HTTPS is becoming the norm, and HTTP/2 is not far behind. Thanks to Fastly, all cdn.changelog.com requests are already served as HTTP/2, but the Linode NodeBalancer is HTTP/1.1 only. Since the Phoenix application & nginx already support HTTP/2, we are not that far from full HTTP/2 support. This would make the website quicker for all HTTP/2 clients, which means the majority of our visitors.

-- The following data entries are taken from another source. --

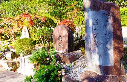 建長寺のパンフレットに載っている場所はほぼ見ることが出来たので更に坂を上って奥の院に向かうことにしました。 上に続く道に出る途中、境内の淵に歌碑と並んで”花塚”の石碑が見えます。野の花がさりげなく植えられていました。
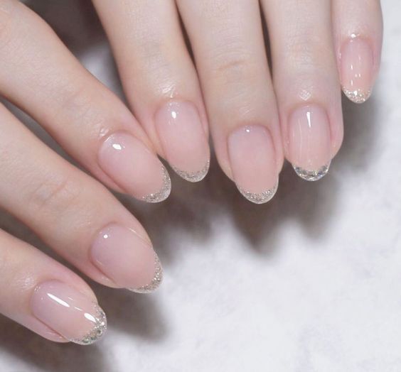 반짝임이 보이는 투명네일로
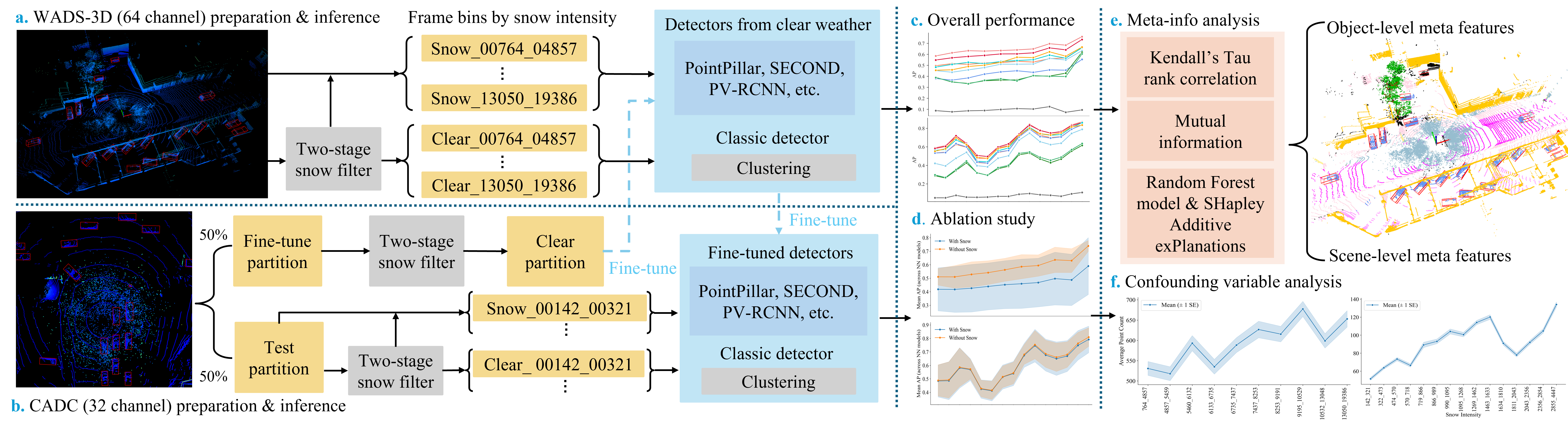 Prior research on LiDAR-based 3D object detection in snow relies heavily on coarse qualitative assessments and treats deep learning models as black boxes, failing to distinguish whether performance drops stem directly from snowfall or from confounding environmental factors. To address this ambiguity, we introduce WADS-3D, which pairs LiDAR data with granular, high-rate snowfall intensity measurements to benchmark ten diverse detectors. By applying a rigorous multivariate analysis framework, we disentangle the true impact of snow from correlated object and scene meta-information, offering the first systematic assessment of perception robustness in continuous weather degradation.
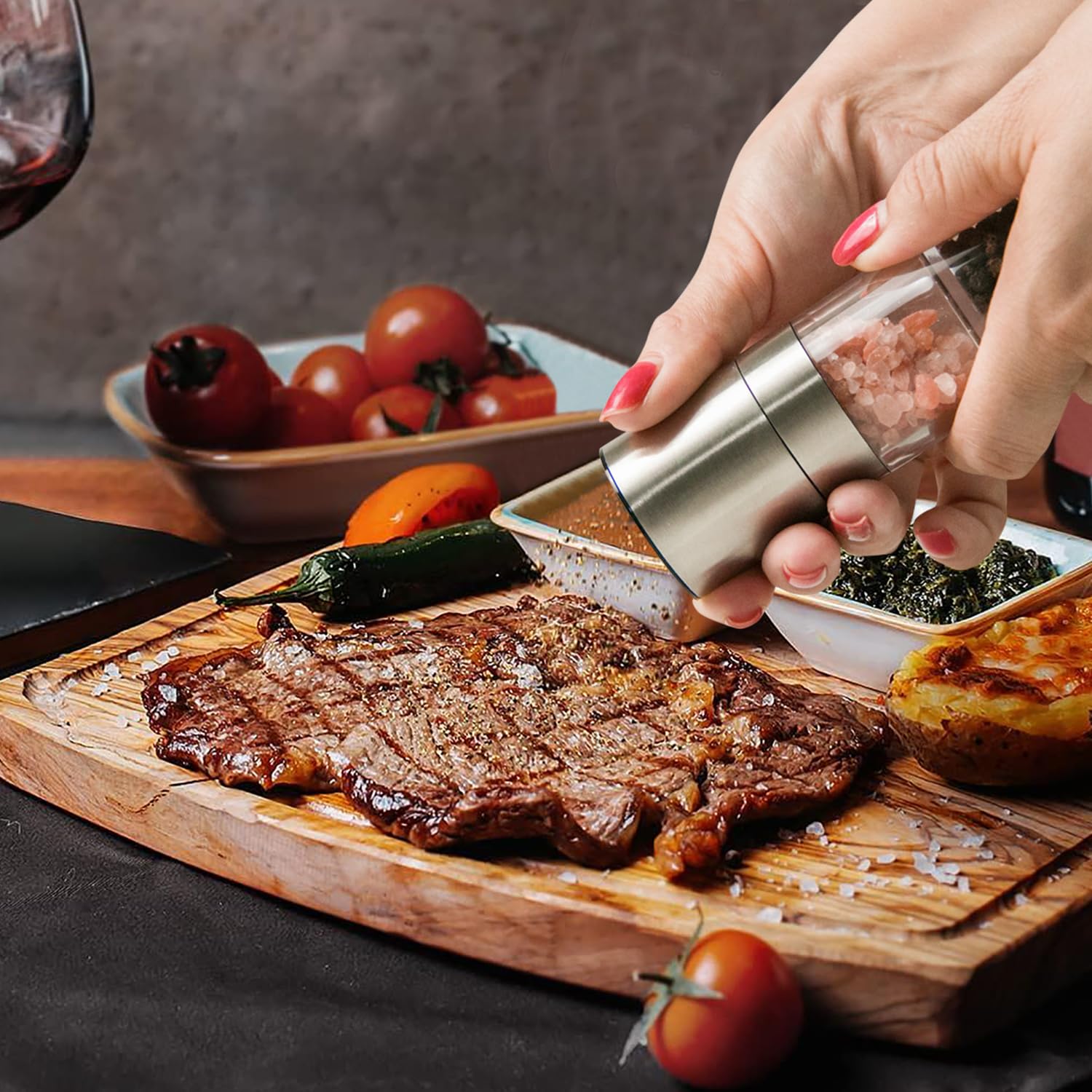 2 in 1 Salt and Pepper Grinder Stainless Steel Pepper Mill Grinder Refillable Adjustable Coarseness Mills for Sea Salt, Small Peppercorn, Black Pepper

Even though IPv6 brings less value to our users than HTTP/2, it would be nice to do our part in modernising the internet. Our last attempt to enable IPv6 was surprisingly easy and low-effort, but it resulted in a TCP4 sockets leak in Docker. We want to give this area of the stack more time to mature before we try it again.

SSL via Let’s Encrypt

changelog.com currently uses a Comodo Essential SSL Wildcard certificate which is due to expire in June 2020. We believe that SSL is an essential building block of a secure internet that should be free, a belief shared by everyone behind Let’s Encrypt. It only makes sense to join this community of like-minded people and support them the best we can.

Improve CDN integration

Our CDN integration is partial. changelog.com is susceptible to service degradation even though the bulk of the requests are static. As rare as incidents are, serving potentially stale content is preferable to 500s.

Something else

We also know that with the always-changing open-source landscape, there will be many new tools and services appearing that will make us better at what we do. If you know any that are worth sharing, please do so in the comments below, or via our GitHub repository.

I want the same for my product/company - can you help?

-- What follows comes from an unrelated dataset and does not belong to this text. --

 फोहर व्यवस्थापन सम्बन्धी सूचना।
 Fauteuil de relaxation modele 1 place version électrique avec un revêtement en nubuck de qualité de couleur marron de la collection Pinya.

Most of my time is spent working on RabbitMQ, CloudFoundry & now Kubernetes within Pivotal. I like what Changelog stands for, so I help them be more successful. I take some number of days every year to improve the setup. I have shared more about this in my Not working together talk, as well as Deploying changelog.com episode. As straightforward today’s changelog.com setup seems, it has been a couple of years in the making. If you enjoyed this post and think that your product would benefit from my expertise, reach out to hi@gerhard.io. Until next time, Gerhard.

Discussion

2019-03-05T01:43:03Z ago

Thanks for the kudos, Gerhard! I’m glad Terraform and the related tools worked well in this deployment process.

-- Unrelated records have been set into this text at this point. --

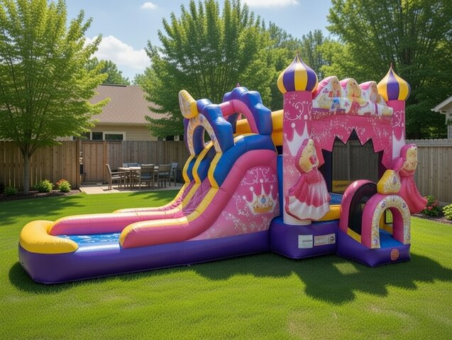 The Diamond Princess Double Lane Combination offers the best of both worlds with its versatile wet and dry features. Whether you're planning a summer bash under the sun or a cool autumn celebration, this inflatable has you covered. The dual-lane design is a standout feature, allowing participants to race each other down the slides. This competitive element adds an extra layer of excitement, making it a hit among both kids and adults.
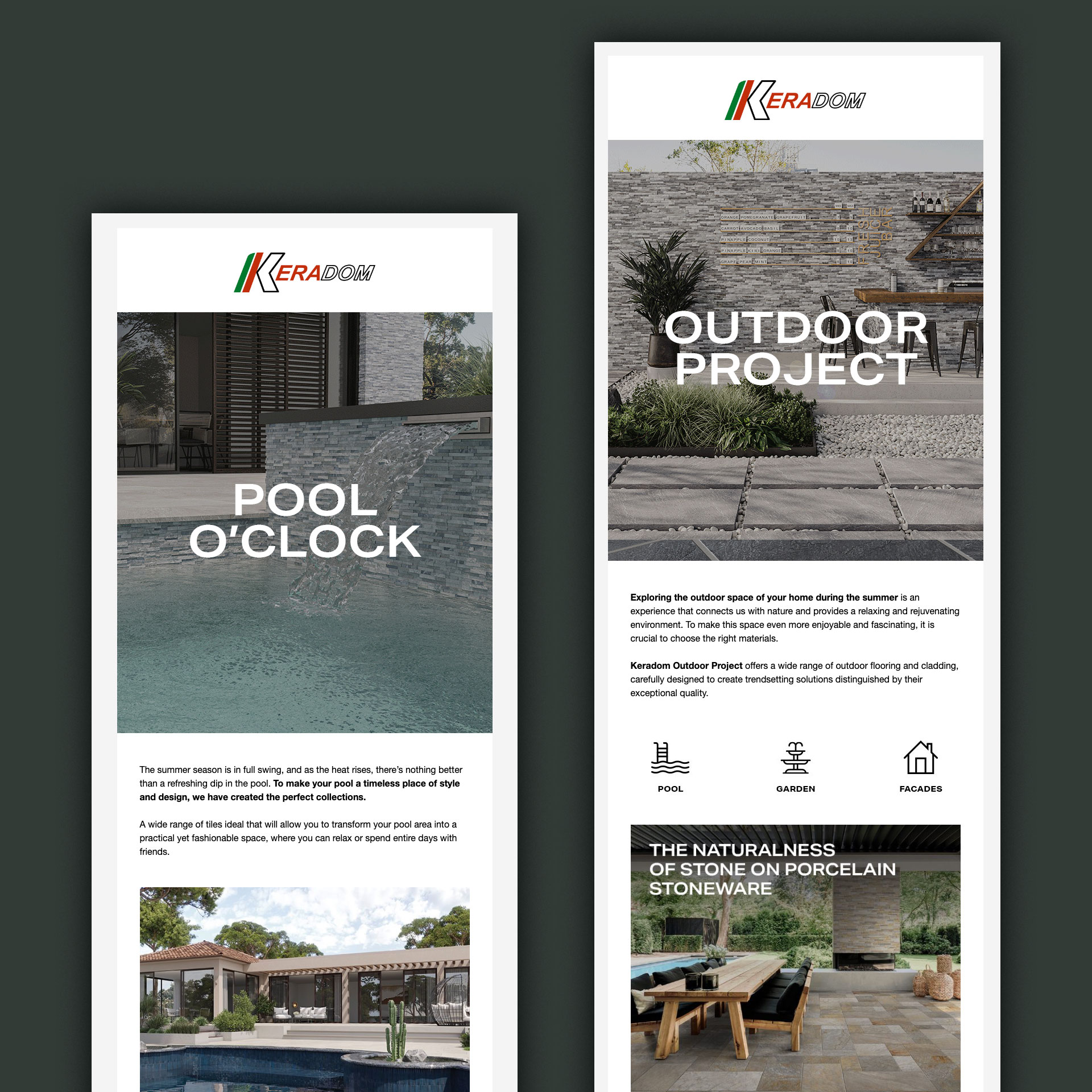 Ogni mese viene caratterizzato da una categoria di prodotti da approfondire sui diversi touchpoint dell’Azienda attraverso una newsletter dedicata, una newsletter incentrata su un progetto dove gli stakeholder di Keradom possano vedere la categoria di prodotto del mese applicata su un caso reale, un approfondimento sul sito del Cliente della categoria cui si vuole dare risalto mediante una landing page realizzata ad hoc e, infine, mediante un corposo incremento dei post sui social media dell’Azienda per realizzare un focus, uno spazio dedicato, ai prodotti del mese.
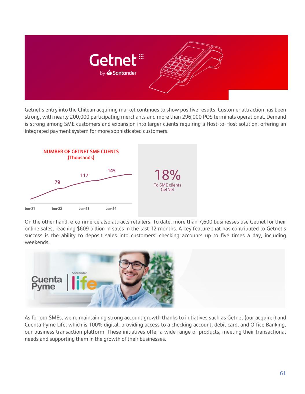 Getnet's entry into the Chilean acquiring market continues to show positive results. Customer attraction has been strong, with nearly 200,000 participating merchants and more than 296,000 POS terminals operational. Demand is strong among SME customers and expansion into larger clients requiring a Host-to-Host solution, offering an integrated payment system for more sophisticated customers. NUMBER OF GETNET SME CLIENTS (Thousands) 79 117 145 Jun-21 Jun-22 Jun-23 Jun-24 18% To SME clients GetNet On the other hand, e-commerce also attracts retailers. To date, more than 7,600 businesses use Getnet for their online sales, reaching $609 billion in sales in the last 12 months. A key feature that has contributed to Getnet's success is the ability to deposit sales into customers' checking accounts up to five times a day, including weekends. As for our SMEs, we're maintaining strong account growth thanks to initiatives such as Getnet (our acquirer) and Cuenta Pyme Life, which is 100% digital, providing access to a checking account, debit card, and Office Banking, our business transaction platform. These initiatives offer a wide range of products, meeting their transactional needs and supporting them in the growth of their businesses. 61
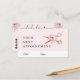 Moderne und elegante Terminkarte für Friseursalons mit Imitaten Kupfer-Rose-Goldschere, Rosa-Weiß-Rosen und elegantem Kalligraphie-Schriftart.
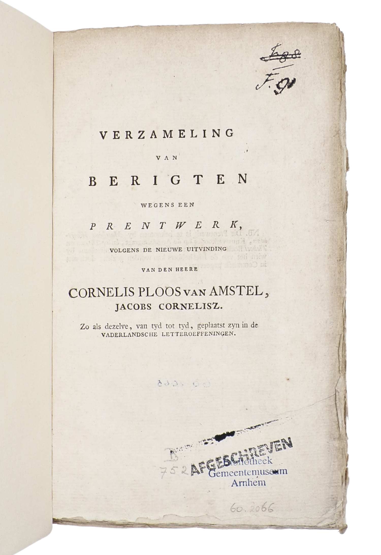Verzameling van berigten wegens een prentwerk, volgens de nieuwe uitvinding van den Heere Cornelis Ploos van Amstel, Jacobs Cornelisz.
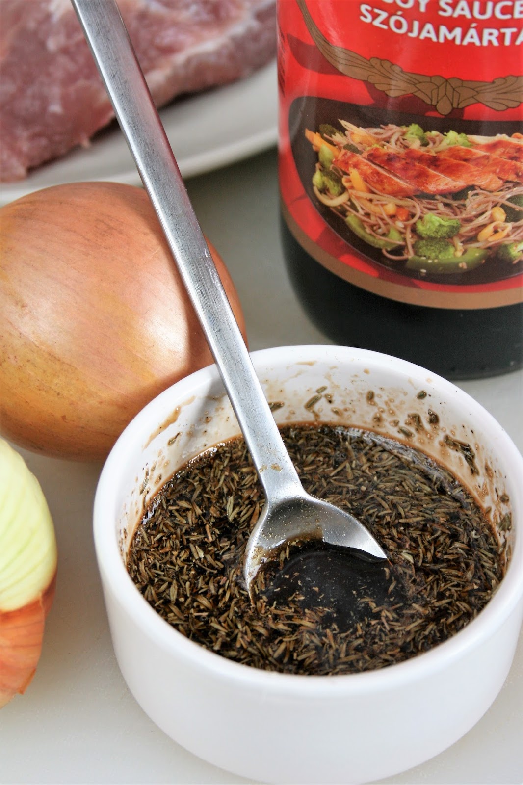 Pieczeń ze schabu z miodowo – tymiankowej marynaty
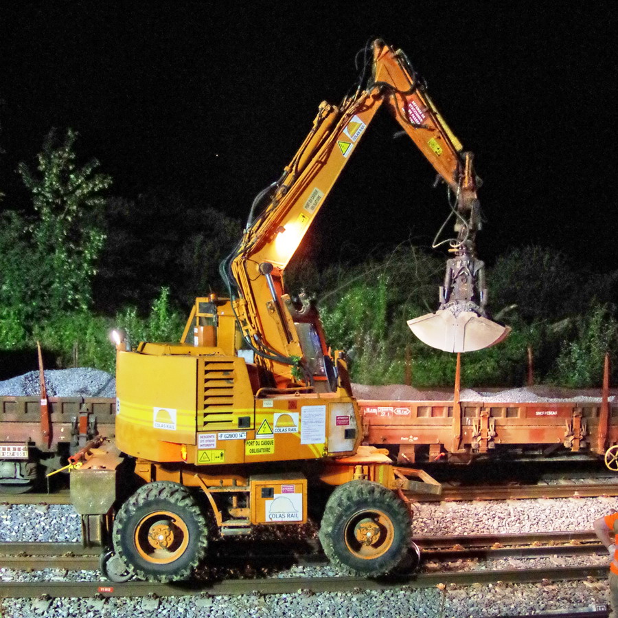 avec la présence des deux Pelles Rail route Colas Rail pour les travaux de caniveau

We’ve been working on the tools that will make the next deployment process even better, especially those related to Kubernetes.

2019-03-05T09:21:47Z ago

Very excited about your Kubernetes tooling, it has the potential of simplifying our setup even further.

2019-03-05T14:43:34Z ago

Thanks for all of your work on this massive effort, @gerhard! We 💚 having you part of the Changelog family.

To all the readers out there: definitely reach out to him if you need some help in this area. Our rating is two enthusiastic 👍👍s

2019-03-10T12:35:10Z ago

why do you use Elixir, Erlang, and Phoenix because As I know it is for high-speed telecommunication websites not for normal usage right?

2019-03-11T13:48:33Z ago

Erlang was originally designed and created for use on telephony applications, but it has since broadened its scope and is a general-purpose programming language and platform.

Elixir came much later and is designed for building “scalable and maintainable applications”.

Phoenix is a web framework for Elixir that helps you be productive while not compromising on speed and maintainability.

These are all good choices for “normal” websites like changelog.com. 👌

2019-03-10T14:44:36Z ago

Thanks for sharing all this. It’s great to see everything so meticulously laid out and explained. By the way - what tool you use a tool to build these elegant flow charts?

2019-03-10T15:51:51Z ago

I’ll second the flowchart question @gerhard, these are purty 📈

Also, how are you managing container communication without Kubernetes? Docker compose/swarm?

2019-03-10T16:47:51Z ago

https://draw.io for flow charts. The source xml files are in our public GitHub repo. You can open them in draw.io via e.g. File > Open from > URL... & raw infrastructure.xml.

changelog.com is captured in this Docker Stack config file. We load it into Docker Swarm via docker stack deploy: Makefile:267

2019-03-10T16:49:42Z ago

Thank you! https://draw.io for flow charts. Tried a few approaches before settling on draw.io.